I hate it here.
I just had to see it in black and white so I am not lying to myself or anyone else. I hope that in six months, I can look back at this blog and read this entry and feel differently. Really, I am miserable and for no good reason. People are nice, Marc loves his job, the kids are happy...how can I possibly be this glum? I never anticipated I could be this dark, but today I feel hopeless. I feel like I have given up finding the good in the dream. The one in which Marc is happy doing his Director of Chemistry thing, and the kids are perfectly adjusted, and I have found my niche.
It rained today in Biblical magnitude. Think Noah's Ark and you are close to imagining the day. The main issue is I navigate a Sequoia and not a boat, so this was problematic today. Like the case in which I almost ran over our six year old, when she darted in front of the car as I picked her up from school. She thought I was stopping, but I was rolling ahead to allow her more room to open the door on the rear passenger side. The torrential rain was so heavy, I could not even see her. It is by the grace of God that she is unscathed. His hand was on her today, and for that, I am so grateful. We drove carefully to North County for Swim Team pictures, that were (duh) cancelled due to weather conditions. She swam the workout there anyway.
I hate that I was soaked to the bone in the three seconds I crossed the parking lot to pick her up from swim team. Standing, once again, at the car to load her and laughing in spite of the situation: my hair plastered to my face, my clothes soaking wet, I laughed out of fear I might cry if I thought about the stupidity of it all. The wind was blowing gusts of sheets and sheets of rain. Rain so heavy, it blinded me as I opened her door to hustle her into her carseat. How do people live like this, anyway? I laughed a strange and eerie laugh that is not mine at all. I laughed until I had to lay my head on the steering wheel of the parked car in convulsions, with my kids looking at each other with uncertainty in the backseat.

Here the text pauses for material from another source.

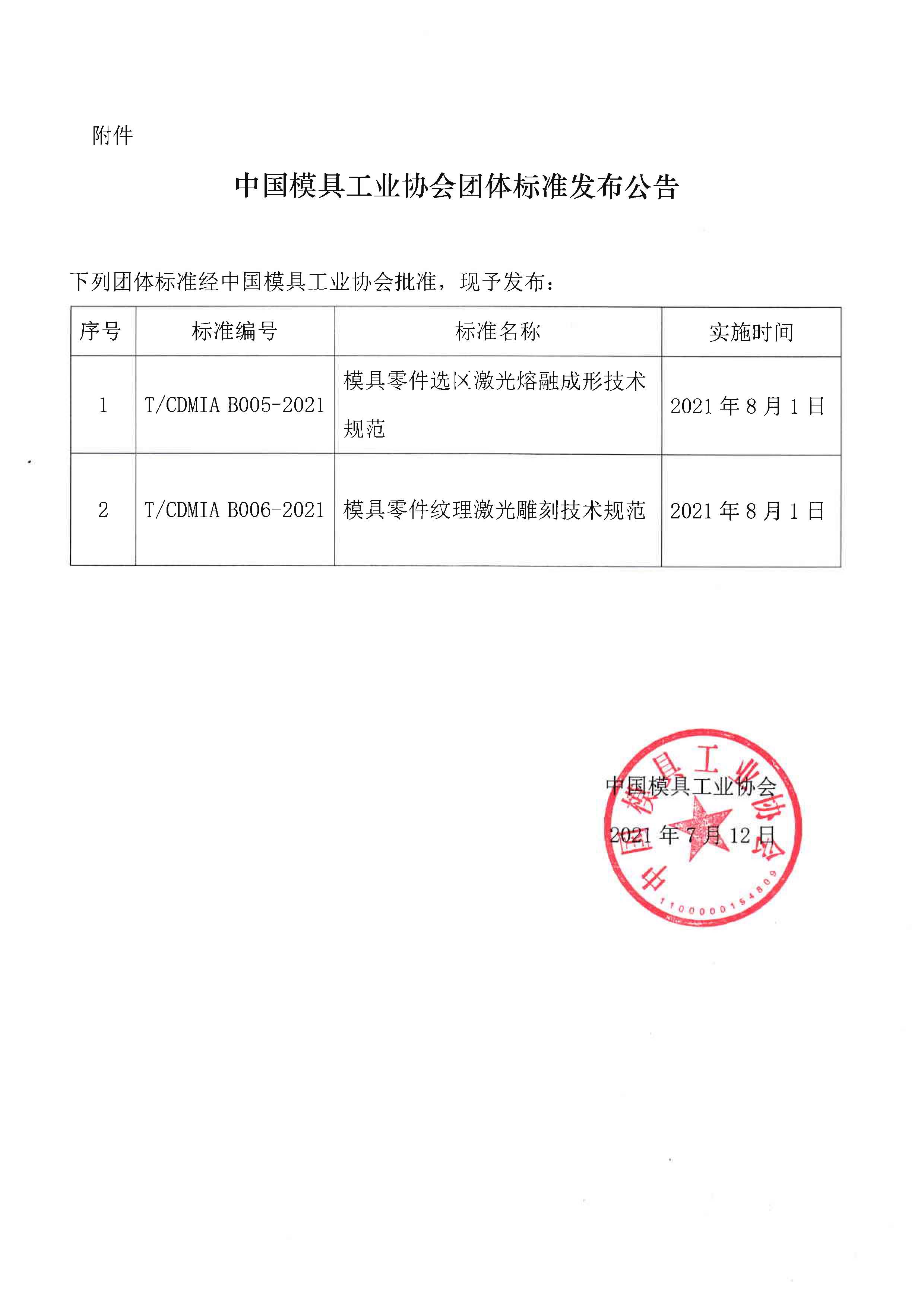 關于發布《模具零件選區激光熔融成形技術規范》等兩項團體標準公告的通知

I hate that the more people I meet, the more they tell me how "wonderful" it is here and all I want to do is run home and forget about it. They laugh and make fun of the lack of conveniences that exist, but how they love the "small town". How is it I am spearheading playgroups, joining the PTA, rallying neighbors for events, but I am miserable? I feel like Jackal and Hyde. I want to be part of the community and I am signing the kids on for everything and committing myself to everything, but my heart aches and my head hurts and I wish I could just sleep the day away. I feel like I am trying, but something is just not working...it is not fluid like it should be.
I ran bridge repeats this morning. I only planned on running six, and the wind nearly blew me off the top. The fury of it, whipping along, screeching its presence, nearly slowed me to a stop when I was heading into it going East. I only wanted to run six, but I ran eight simply to feel alive. The only time I feel like I am even a shell of who I was is when I am running. Everything else in my universe is so out of whack, I cannot bear to think about the details. I fold laundry in a daze and shuttle kids simply going through the motions. I nod and listen to my swim coach because he berates me and it stirs some emotion in me that reminds me I am human. Right now I mostly feel catatonic....except that I cannot be a hat rack. I have to live and move and breathe and carry on a household and feed children and kiss my husband.

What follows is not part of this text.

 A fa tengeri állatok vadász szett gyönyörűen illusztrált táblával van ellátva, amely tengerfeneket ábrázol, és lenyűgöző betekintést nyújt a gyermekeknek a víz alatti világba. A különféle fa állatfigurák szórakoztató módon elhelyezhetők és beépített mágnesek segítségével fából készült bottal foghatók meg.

Even if I never run a step with my old running partners, I cannot bear the thought of being so far away from everyone and everything that was the center of my universe before. Marc's mom sent another package today and I could barely stand to open it. I willed myself to do it because the kids were shrieking, pleading to see what was inside. It's like I cannot bear to really think about what I feel like we are missing from our old lives. I threw away the Zoo News publication from the San Diego Zoo that is forwarded to this address. I don't want to read about their hippos.
Yesterday was a good day. Today was very much something else. I hope tomorrow will be something that won't seem manic when I put it in print.